The mechanism is straightforward: automated summaries reduce clicks and direct referrals, starving small outlets of the engagement and revenue they depend on. Over time, that dynamic fosters consolidation and fewer investigative beats — a negative feedback loop that AI systems as presently deployed can accelerate rather than mitigate.

Strengths and counterarguments​

AI summarisation is not purely harmful; it offers clear, measurable benefits:
  • Speed and triage. Assistants can quickly surface a condensed briefing that helps busy users orient to breaking developments.
  • Accessibility. Summaries can lower barriers for readers who find long-form reports time-consuming or difficult to parse.
  • Potential for grounding. When paired with robust retrieval and licensing, assistants can provide verified summaries with clear attribution — and some platform efforts are explicitly experimenting with publisher licensing to improve provenance.
Nevertheless, these potential strengths are conditional. Without enforced provenance, transparent linking, and incentives that route users back to original reporting, the net effect risks favoring convenience at the expense of journalistic pluralism and the economic health of local newsrooms.

Policy levers and practical remedies​

Koskie and other researchers propose policy and product interventions to reduce harms and rebalance incentives. The suggestions cluster into four pragmatic approaches:
  1. Extend bargaining and licensing frameworks to include AI experiences. Existing news bargaining codes or media bargaining mechanisms should be adapted to explicitly cover AI-driven summarisation and to ensure transparent remuneration and attribution for content surfaced in assistants. Pilot publisher programmes are a start, but policymakers can set baseline rules to prevent unilateral exclusion of smaller outlets.
  2. Mandate provenance and link-first defaults. Assistants should default to showing clear, clickable source attributions and preserve bylines and publication dates in any news summary. Product designs should prefer a “link-first” model that routes users to the original article rather than burying it behind a generated paragraph. Audits show that improved provenance measurably increases trust and accountability.
  3. Require geographical sensitivity in retrieval. Retrieval systems should incorporate explicit geolocation heuristics and weighting so that queries from a given country surface relevant local outlets unless the user expresses a preference for global coverage. This could be implemented as a configurable policy knob in product UIs and developer APIs.
  4. Independent auditing and transparency obligations. Regular, independent audits of assistant outputs should be required to monitor sourcing quality, bias, and factual fidelity — with results published in accessible summaries. Multilateral audits already reveal systemic issues; institutionalising this oversight would keep vendors accountable.
These levers are complementary: licensing without provenance fails to restore the citations that create publisher value; provenance without economic recompense fails to address the referral loss that threatens newsroom viability.

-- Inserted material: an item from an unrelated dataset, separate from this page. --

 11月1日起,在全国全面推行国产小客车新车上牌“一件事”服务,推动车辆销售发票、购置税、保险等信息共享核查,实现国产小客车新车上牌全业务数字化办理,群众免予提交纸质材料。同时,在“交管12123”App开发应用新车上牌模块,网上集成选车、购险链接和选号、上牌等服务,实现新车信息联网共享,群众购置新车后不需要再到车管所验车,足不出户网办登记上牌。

What vendors and publishers are doing — and why current measures fall short​

Vendors are experimenting with publisher partnerships and content licensing to create a marketplace for grounding content used by assistants. Microsoft, for instance, has piloted publisher deals and describes a Publisher Content Marketplace intended to pay partners and ground answers in licensed archives. That approach can help but comes with trade-offs: most deals so far involve major publishers, terms are often undisclosed, and smaller outlets may lack bargaining power to participate equitably.
Publishers, for their part, are pushing for stronger contractual safeguards, clearer attribution rules and fees that recognise both retrieval uses and potential training rights. But without regulatory guardrails, these negotiations can entrench incumbent advantages and leave independent outlets excluded.

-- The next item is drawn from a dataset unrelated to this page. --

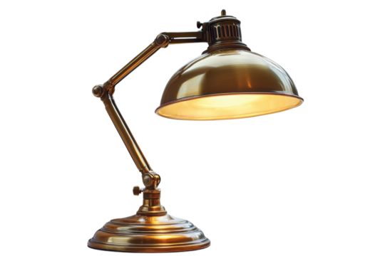 Elegant brass desk lamp illuminates workspace near window in a cozy indoor setting during late afternoon light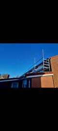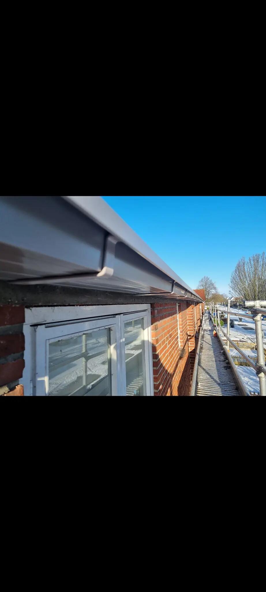 Op dit project mochten wij de oude dakgoten vervangen door nieuwe naadloze aluminium dakgoten in de kleur grijs (RAL~7036).

Practical guidance for newsrooms, IT teams and users​

For newsroom managers and local publishers:
  • Prioritise clear metadata and machine-readable signals (structured metadata, sitemaps, content licensing flags) so retrieval systems can detect and prioritise local reporting.
  • Negotiate onboarding to publisher marketplaces where possible, but press for transparency on scope and proof-of-use reporting.
  • Invest selectively in syndication and content formats that preserve bylines and passage-level attribution.
For enterprise IT and platform teams:
  • When deploying assistants internally, require provenance-first configurations and restrict any production use that substitutes AI summaries for certified reporting in decision workflows.
  • Maintain a “verify-first” policy for critical domains (health, legal, compliance) whereby AI summaries must be accompanied by direct links to source materials.
For individual users:
  • Treat AI summaries as orientation tools, not substitutes for original reporting; follow through to primary sources, especially for consequential topics.
  • Prefer assistant settings that show source links and publication dates.

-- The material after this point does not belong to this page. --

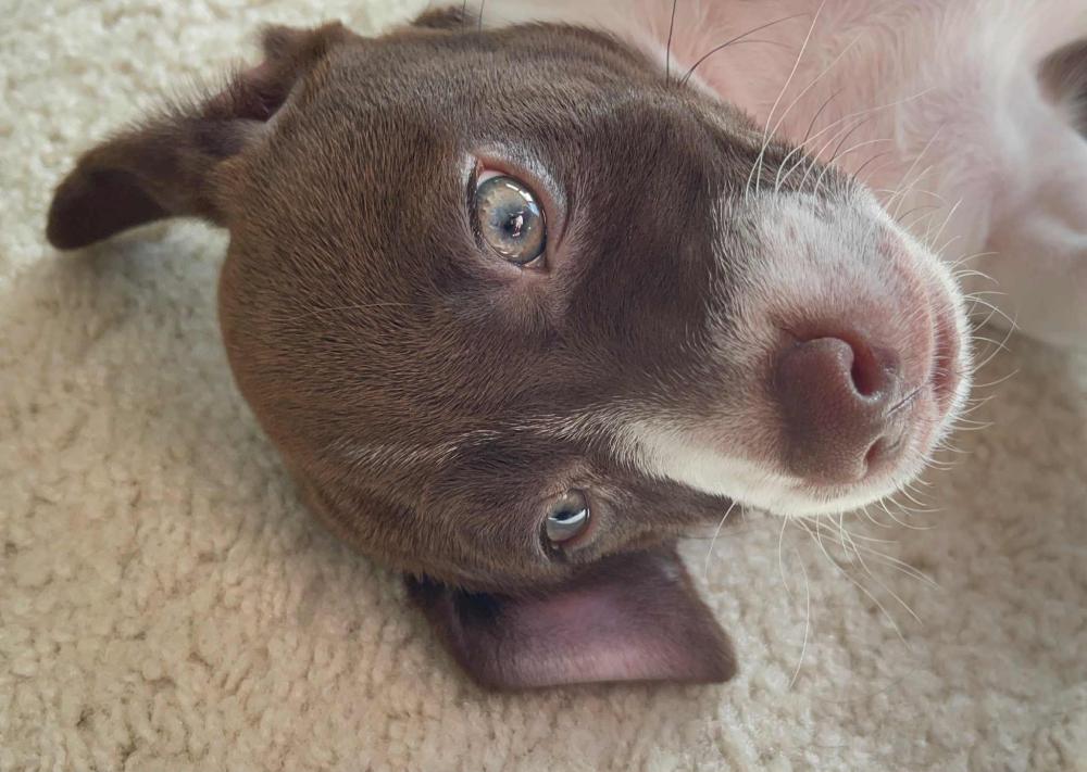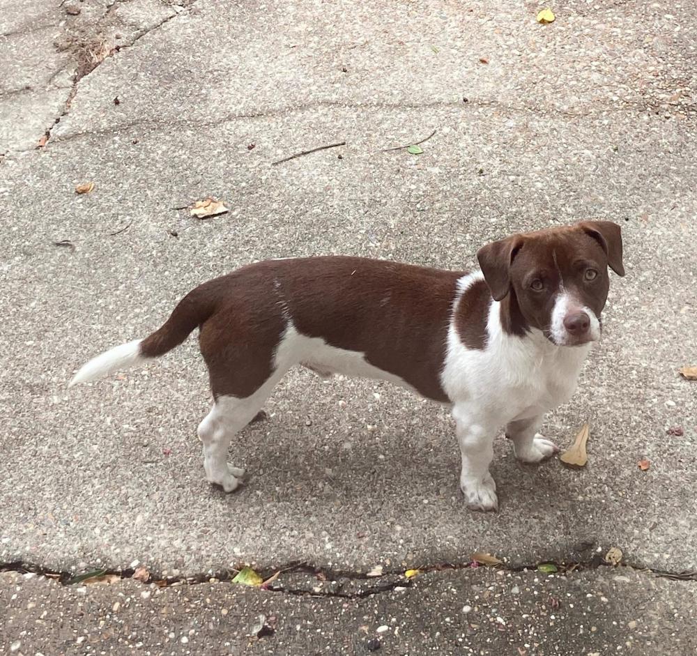 Pet Description:White body with brown patches, yellow eyes with gray. Small dog looks like mix between pit bull and basset hound.Microchipped Rolls over if you pet him. |

Caveats and where the evidence remains thin​

Several important caveats deserve emphasis:
  • Assistant behavior changes rapidly with model and index updates. Findings from a sample of responses are informative but not immutable; product updates or licensing shifts can alter retrieval patterns. Any snapshot should be treated as indicative rather than definitive.
  • Attribution of causality between AI summarisation and newsroom closures is complex: AI is a compounding factor atop advertising declines, platform market power and changing consumer habits. The risk is real, but disentangling relative contributions requires longitudinal economic study.
  • Some vendor programmes aim to mitigate harms; their efficacy must be judged by published metrics and independent audits, not vendor claims alone. Current pilot agreements lack consistent public disclosure, limiting external assessment.
Where claims about intent, product behaviour or commercial deals are not independently documented, they should be flagged as based on vendor or interviewee accounts until corroborated by contract texts or audit data.

Conclusion: design, policy and the future of local reporting​

The University of Sydney’s findings are a clarion call that automated news summarisation — if left as an opt-in or default behaviour inside widely deployed assistants — will reconfigure how audiences encounter journalism. At its best, AI can help triage vast amounts of information and direct readers to high-quality reporting; at its worst, it can invisibilise the journalists who produce that reporting and accelerate a shift of attention to global incumbents.
The path forward demands a mix of technical redesign, publisher bargaining and public policy to preserve provenance, restore economic incentives for reportage, and embed geographical sensitivity into retrieval systems. Without those corrections, AI assistants risk compounding the very crises in media pluralism they ought to help alleviate. The next phase of this technology’s public tests should be judged not just by headline utility, but by whether it sustains the underlying ecosystems of independent, local journalism that democracies rely upon.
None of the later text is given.